Stroke classification is based on the underlying pathologic process and vascular distribution. Appropriate classification of a stroke assists in formulating definitive treatment decisions and communicating potential short- and long-term prognoses. In the United States, approximately 87% of all strokes are ischemic, 10% are intracerebral hemorrhages, and 3% are subarachnoid hemorrhages.1 

An ischemic stroke is defined as an episode of neurologic dysfunction secondary to a focal CNS infarction. A silent ischemic infarction is defined as imaging or neuropathologic evidence of an infarction without neurologic dysfunction. 

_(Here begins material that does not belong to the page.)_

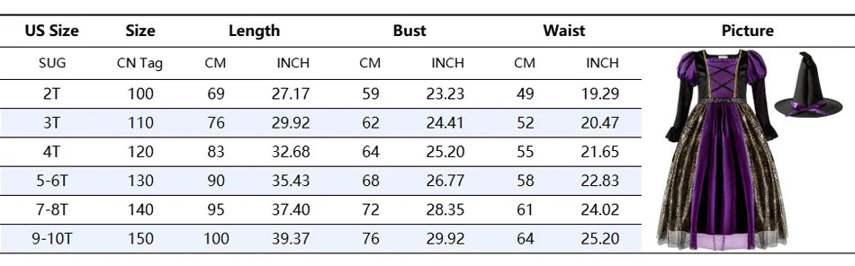 Transform your little girl into a magical witch with our Girls Witch Dress & Accessories Costume! Featuring a black dress with bat, ghost, and devil Queen accents, this costume is perfect for Halloween, parties, and more. Made with high-quality fabrics and includes rich accessories, this costume is sure to make your child's princess dreams come true. Suitable for ages 2-10 and comes in a range of sizes. Get it now and make your child's day magical!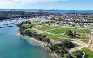 Hobbs Bay Estate is a premium waterfront subdivision by the renowned Hopper Developments. It features spacious residential lots, stunning sea views across the harbour to Auckland CBD, wide roads, and convenient boat and walkway access to Hobbs Bay Beach.

Intracerebral and spontaneous subarachnoid hemorrhages are defined as rapidly developing neurologic dysfunction secondary to the focal accumulation of blood in the brain parenchyma and in the subarachnoid space, respectively, and are not precipitated by trauma. A silent cerebral hemorrhage is similar to a silent ischemic stroke in that both are without clinical symptoms. Imaging shows a focal collection of blood within the brain parenchyma or ventricular system, often presenting in the form of microhemorrhages.2 

A stroke caused by cerebral venous thrombosis is an infarction or hemorrhage in the brain, spinal cord, or retina due to thrombosis of a cerebral venous structure and represents 0.5% to 1% of all strokes. A stroke classified as “not otherwise specified” is defined as acute neurologic dysfunction presumed to be caused by ischemia or hemorrhage that persists for more than 24 hours or until death, but with indeterminate evidence to be classified as any other type of stroke.2 Attempting to localize the vascular distribution of a stroke based on clinical assessment has traditionally been used to assist in diagnosis and treatment and for rehabilitation purposes.

Clinical Diagnosis

The history is key in the initial assessment of stroke and should focus on the symptoms and signs of focal neurologic injury, such as unilateral weakness or sensory deficit, facial droop, dysarthria, or aphasia (Table 1).5 Patients typically present with a sudden and maximal focal neurologic deficit that is consistent with a vascular territory.6 The timing of events or symptom onset, specifically the last known well or baseline state, is crucial for assessment and determining treatment options.